The GC content of the six de novo assemblies was about 48% (Table 3), and those of 1,073,845 common wheat ESTs, TAGI and TAPUT were 52.33%, 52.10% and 51.68%, respectively. The lower level of GC content for these assemblies may be due to filtered reads, which were already GC content-less-presented (Table 1).
Construction of wheat transcriptome with short reads
Due to the lack of a well-annotated genomic sequence, we could not assembly the wheat transcriptome using a mapping-first strategy. To assess the performance of assembling the wheat transcriptome using short reads, we used the existing public wheat ESTs, a custom Chinese Spring cDNA library and a draft genome sequence of Ae. tauschii, the wheat D genome progenitor.
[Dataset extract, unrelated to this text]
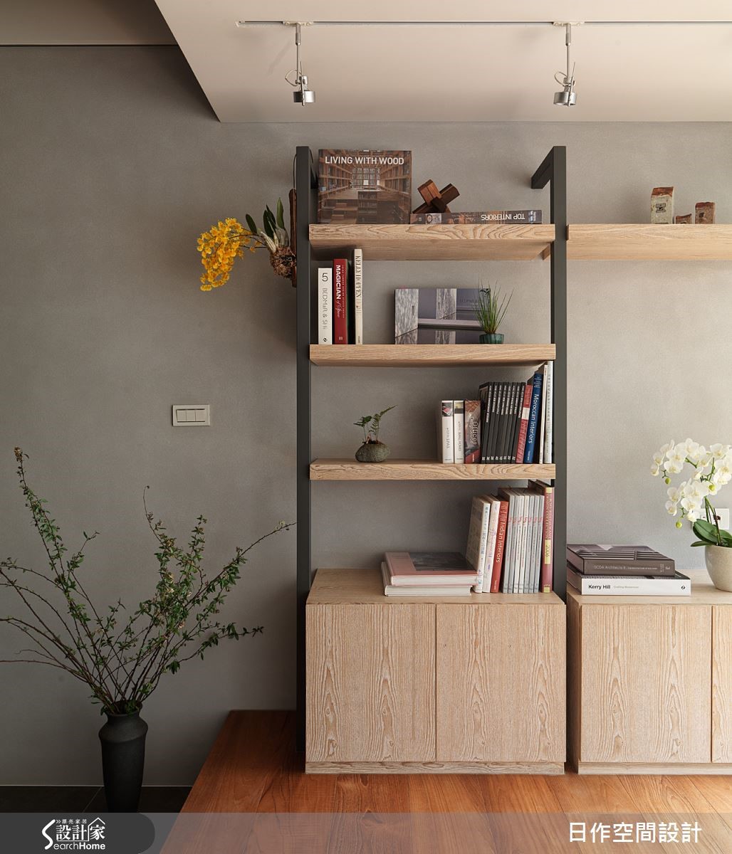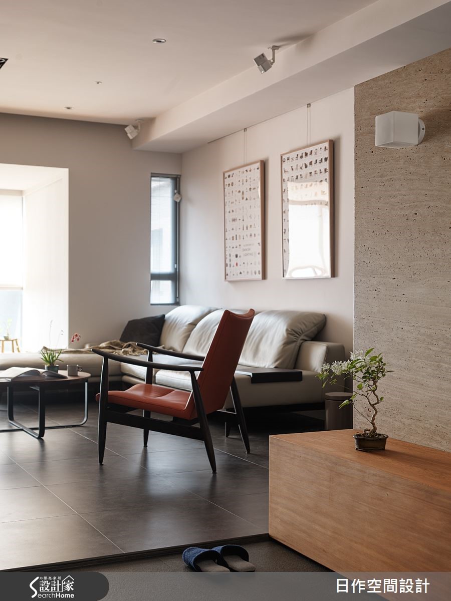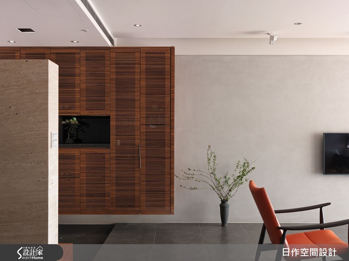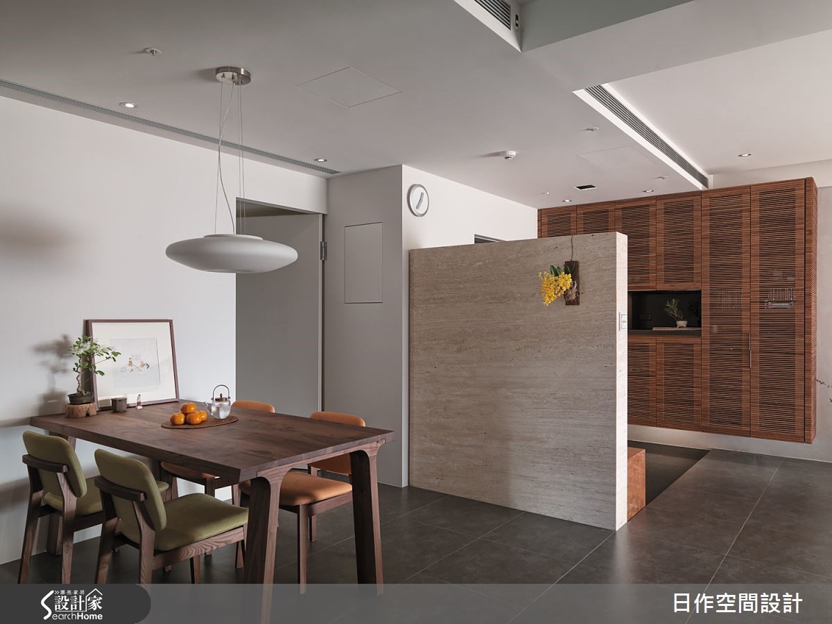这户高楼层住宅已然拥有超脱城市喧嚣的开阔视野,佐以设计师擅长的日式禅意风格,为一家四口打造出富有自然气息的木质简约居家;更利用地面材质与阶差,营造深具层次的视觉ㄒ效果。【中性米灰,造宁静氛围】玄关左侧设有中心挖空的木质悬柜,表面细密的叶面制造精致和谐的景象,右方带有天然纹理的洞石墙面上嵌入一盏小灯,为下方的穿鞋座位点亮贴心微光。客餐厅全面开放,地面铺设板岩砖,让无多余杂饰的客厅空间巧妙与玄关作出区隔。客厅墙面采用灰色涂抹,并搭配米色沙发,营造宁静特质。临窗区域则铺设木质地板,身兼和室与阅读场所等多功能用途。餐厅同样运用清爽的大地色调搭配实木桌面,散发纾压氛围。拆除一室隔断与主卧合并,便多了更衣间。巧妙以黑玻门片区隔,透光设计让主卧不阴暗,也能适时遮蔽凌乱衣物。而更衣室采用U字型柜体设计,获得充足收纳机能;内部更安排卫浴空间,打造顺畅的入浴更衣动线,完善主卧机能。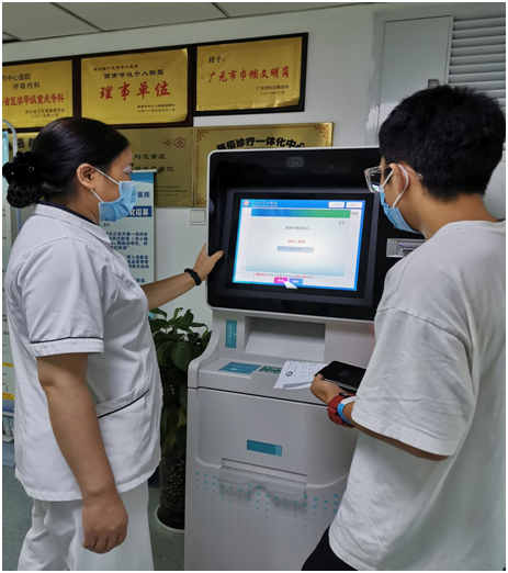 进入住院病区后,医院医保工作人员随即到病区“上门”服务办理医保手续。同时,住院病区均设置有出、入院“一体机”智能自助系统,患者任意凭身份证、社保卡、门诊号、住院号、电子健康卡,均可在“一体机”办理入院、出院缴费,打印住院清单。

By mapping assembled transcripts back to the draft Ae. tauschii sequence, the number of bases covered by each of these assemblies was used to compare the total number of bases constructed from each assembly. Combining the length of N50 for these assemblies from both assemblers, the more reads that were used at the initial assembling step, the more unique bases that were constructed in the final assemblies. Considering that we had used the maximum of 16.2 Gb reads at the pre-assembling step, which was already more than 100 times larger than the size of the final assemblies, further improvements in assembly may need even more reads or longer reads. The use of 16.2 Gb data has already provided promising results. Nearly all assembled transcripts, which were matched by full-length cDNA using BLAT, covered 90% of full length cDNA in length (Table 5), suggesting that the length of transcripts assembled by Illumina reads was acceptable.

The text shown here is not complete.